* The task
Could you restate exactly the lines that begin at the line with "圖2a顯示了一款120°交錯" and end at the final line of the data?

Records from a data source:
◇ ◇ ◇ ◇ ◇ ◇ ◇

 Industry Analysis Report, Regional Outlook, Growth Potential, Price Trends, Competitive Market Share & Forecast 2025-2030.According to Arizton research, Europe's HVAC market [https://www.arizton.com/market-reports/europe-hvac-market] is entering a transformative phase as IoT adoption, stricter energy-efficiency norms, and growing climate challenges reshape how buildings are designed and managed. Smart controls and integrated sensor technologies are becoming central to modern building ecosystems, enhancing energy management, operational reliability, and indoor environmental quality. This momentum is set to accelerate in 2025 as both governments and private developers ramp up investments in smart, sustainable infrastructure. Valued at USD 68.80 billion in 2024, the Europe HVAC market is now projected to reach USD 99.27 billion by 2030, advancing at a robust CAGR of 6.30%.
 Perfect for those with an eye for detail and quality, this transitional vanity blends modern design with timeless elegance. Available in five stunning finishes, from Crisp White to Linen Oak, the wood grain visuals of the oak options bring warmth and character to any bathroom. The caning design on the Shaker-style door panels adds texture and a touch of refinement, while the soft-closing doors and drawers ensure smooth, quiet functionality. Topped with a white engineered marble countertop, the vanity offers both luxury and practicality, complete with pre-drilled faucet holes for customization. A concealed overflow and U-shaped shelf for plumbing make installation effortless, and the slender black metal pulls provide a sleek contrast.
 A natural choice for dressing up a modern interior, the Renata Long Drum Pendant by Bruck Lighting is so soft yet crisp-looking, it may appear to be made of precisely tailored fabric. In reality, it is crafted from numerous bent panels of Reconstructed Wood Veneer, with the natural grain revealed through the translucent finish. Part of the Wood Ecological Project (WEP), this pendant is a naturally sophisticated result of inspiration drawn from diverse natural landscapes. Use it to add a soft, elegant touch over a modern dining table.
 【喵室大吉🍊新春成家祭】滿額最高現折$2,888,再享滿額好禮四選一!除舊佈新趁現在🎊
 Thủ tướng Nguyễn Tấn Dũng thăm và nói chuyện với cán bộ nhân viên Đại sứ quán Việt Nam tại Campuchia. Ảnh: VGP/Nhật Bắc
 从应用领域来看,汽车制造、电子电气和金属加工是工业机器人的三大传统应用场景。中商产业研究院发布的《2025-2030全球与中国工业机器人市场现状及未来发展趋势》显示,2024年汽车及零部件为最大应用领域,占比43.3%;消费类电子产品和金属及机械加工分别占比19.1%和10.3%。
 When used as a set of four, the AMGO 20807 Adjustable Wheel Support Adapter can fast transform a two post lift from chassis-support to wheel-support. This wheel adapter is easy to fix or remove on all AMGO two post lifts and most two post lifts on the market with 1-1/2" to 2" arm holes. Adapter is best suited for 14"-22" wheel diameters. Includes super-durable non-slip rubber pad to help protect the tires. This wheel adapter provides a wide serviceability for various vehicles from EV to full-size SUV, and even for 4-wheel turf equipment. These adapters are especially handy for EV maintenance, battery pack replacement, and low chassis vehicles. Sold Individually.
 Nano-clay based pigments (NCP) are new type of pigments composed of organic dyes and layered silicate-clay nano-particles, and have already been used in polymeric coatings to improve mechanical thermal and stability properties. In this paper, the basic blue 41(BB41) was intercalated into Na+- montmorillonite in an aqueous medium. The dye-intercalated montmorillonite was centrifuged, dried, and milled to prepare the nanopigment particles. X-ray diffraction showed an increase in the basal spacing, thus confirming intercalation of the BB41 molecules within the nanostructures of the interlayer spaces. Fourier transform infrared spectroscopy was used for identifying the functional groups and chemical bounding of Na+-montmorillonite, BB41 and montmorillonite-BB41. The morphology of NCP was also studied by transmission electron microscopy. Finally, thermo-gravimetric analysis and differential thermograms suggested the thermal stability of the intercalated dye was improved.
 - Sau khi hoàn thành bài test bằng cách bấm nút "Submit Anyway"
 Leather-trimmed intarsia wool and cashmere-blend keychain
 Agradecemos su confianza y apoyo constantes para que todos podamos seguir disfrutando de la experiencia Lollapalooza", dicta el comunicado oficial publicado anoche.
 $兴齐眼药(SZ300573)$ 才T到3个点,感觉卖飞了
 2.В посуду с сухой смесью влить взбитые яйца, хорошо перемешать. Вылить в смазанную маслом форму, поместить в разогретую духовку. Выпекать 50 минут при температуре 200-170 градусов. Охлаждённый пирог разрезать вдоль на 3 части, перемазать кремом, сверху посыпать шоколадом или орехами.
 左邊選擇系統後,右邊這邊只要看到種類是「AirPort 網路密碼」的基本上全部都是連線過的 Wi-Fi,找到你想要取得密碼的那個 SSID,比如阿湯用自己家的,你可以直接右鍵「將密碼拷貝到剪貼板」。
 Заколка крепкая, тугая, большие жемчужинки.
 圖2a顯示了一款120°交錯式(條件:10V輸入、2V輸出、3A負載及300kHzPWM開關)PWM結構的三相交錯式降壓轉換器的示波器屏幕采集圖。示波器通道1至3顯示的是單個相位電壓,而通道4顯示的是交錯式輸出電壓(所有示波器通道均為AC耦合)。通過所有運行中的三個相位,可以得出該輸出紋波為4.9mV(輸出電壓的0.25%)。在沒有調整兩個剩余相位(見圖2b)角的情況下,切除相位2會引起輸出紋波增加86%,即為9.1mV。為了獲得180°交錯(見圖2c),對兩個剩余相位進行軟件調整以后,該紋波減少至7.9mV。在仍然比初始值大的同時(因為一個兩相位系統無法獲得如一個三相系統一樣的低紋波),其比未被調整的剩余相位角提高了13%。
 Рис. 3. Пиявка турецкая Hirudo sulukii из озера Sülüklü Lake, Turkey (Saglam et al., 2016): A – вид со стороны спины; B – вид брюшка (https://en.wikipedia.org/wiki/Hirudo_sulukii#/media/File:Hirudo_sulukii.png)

◇ ◇ ◇ ◇ ◇ ◇ ◇

* Output
 圖2a顯示了一款120°交錯式(條件:10V輸入、2V輸出、3A負載及300kHzPWM開關)PWM結構的三相交錯式降壓轉換器的示波器屏幕采集圖。示波器通道1至3顯示的是單個相位電壓,而通道4顯示的是交錯式輸出電壓(所有示波器通道均為AC耦合)。通過所有運行中的三個相位,可以得出該輸出紋波為4.9mV(輸出電壓的0.25%)。在沒有調整兩個剩余相位(見圖2b)角的情況下,切除相位2會引起輸出紋波增加86%,即為9.1mV。為了獲得180°交錯(見圖2c),對兩個剩余相位進行軟件調整以后,該紋波減少至7.9mV。在仍然比初始值大的同時(因為一個兩相位系統無法獲得如一個三相系統一樣的低紋波),其比未被調整的剩余相位角提高了13%。
 Рис. 3. Пиявка турецкая Hirudo sulukii из озера Sülüklü Lake, Turkey (Saglam et al., 2016): A – вид со стороны спины; B – вид брюшка (https://en.wikipedia.org/wiki/Hirudo_sulukii#/media/File:Hirudo_sulukii.png)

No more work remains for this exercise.